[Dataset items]
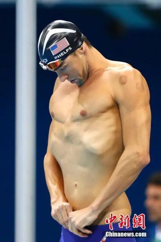 菲尔普斯入水瞬间,他背部拔罐后留下的紫色印记十分明显。
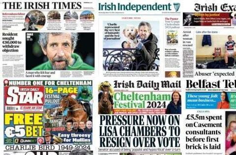 The Irish Daily Mirror and Irish Daily Star lead with tributes to Charlie Bird from the Stardust families.
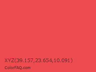XYZ 39.157,23.654,10.091 Color is a light red color and the nearest color is Carmine Pink #eb4c42. Hex code #ee4a50 and RGB value is rgb(238,74,80). In RGB color space, this color is composed of 93% red, 29% green, 31% blue, In CMYK color space, this color is composed of 0% cyan, 69% magenta, 66% yellow , 7% black , In HSL color space, this color has a hue angle of 358° , 83% saturation and 61% lightness.
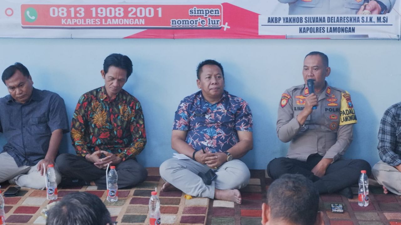 Kepolisian Resort (Polres) Lamongan menggelar Jumat Curhat bersama pengelola dan pedagang pasar di wilayah Kabupaten Lamongan, Jawa Timur, pada (14/07) Pagi.
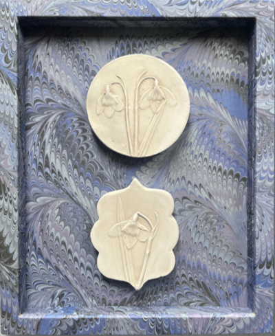 2 plaster cast intaglios of snowdrops, cast from real flowers. Framed in a solid wood frame, wrapped in printed marbled paper. Glazed with anti-reflective art glass.
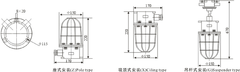 2、鋼化玻璃燈罩、強度高、耐沖擊,顏色有紅、黃、藍等供選擇;
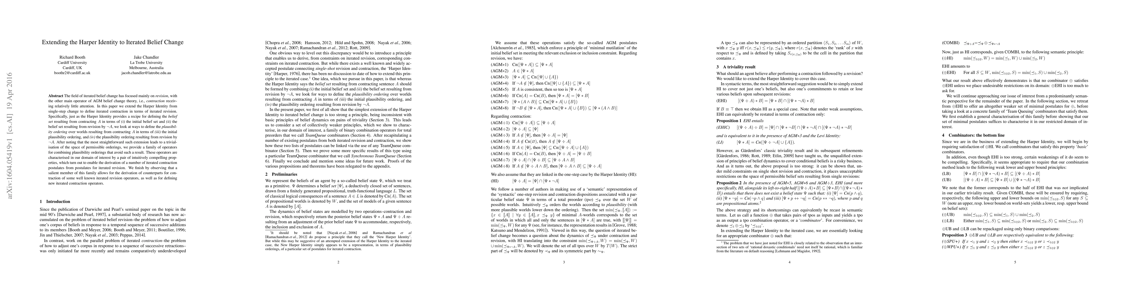 The field of iterated belief change has focused mainly on revision, with the other main operator of AGM belief change theory, i.e. contraction, receiving relatively little attention. In this paper we extend the Harper Identity from single-step change to define iterated contraction in terms of iterated revision. Specifically, just as the Harper Identity provides a recipe for defining the belief set resulting from contracting A in terms of (i) the initial belief set and (ii) the belief set resulting from revision by not-A, we look at ways to define the plausibility ordering over worlds resulting from contracting A in terms of (iii) the initial plausibility ordering, and (iv) the plausibility ordering resulting from revision by not-A. After noting that the most straightforward such extension leads to a trivialisation of the space of permissible orderings, we provide a family of operators for combining plausibility orderings that avoid such a result. These operators are characterised in our domain of interest by a pair of intuitively compelling properties, which turn out to enable the derivation of a number of iterated contraction postulates from postulates for iterated revision. We finish by observing that a salient member of this family allows for the derivation of counterparts for contraction of some well known iterated revision operators, as well as for defining new iterated contraction operators.

• Problem statement
Set down exactly the lines above, from the line containing "Kepolisian Resort (Polres)" through the line containing "2、鋼化玻璃燈罩、強度高、耐沖擊,顏色有紅、黃、藍等供選擇;". Skip the pictures.

• Your solution
 Kepolisian Resort (Polres) Lamongan menggelar Jumat Curhat bersama pengelola dan pedagang pasar di wilayah Kabupaten Lamongan, Jawa Timur, pada (14/07) Pagi.
 2 plaster cast intaglios of snowdrops, cast from real flowers. Framed in a solid wood frame, wrapped in printed marbled paper. Glazed with anti-reflective art glass.
 2、鋼化玻璃燈罩、強度高、耐沖擊,顏色有紅、黃、藍等供選擇;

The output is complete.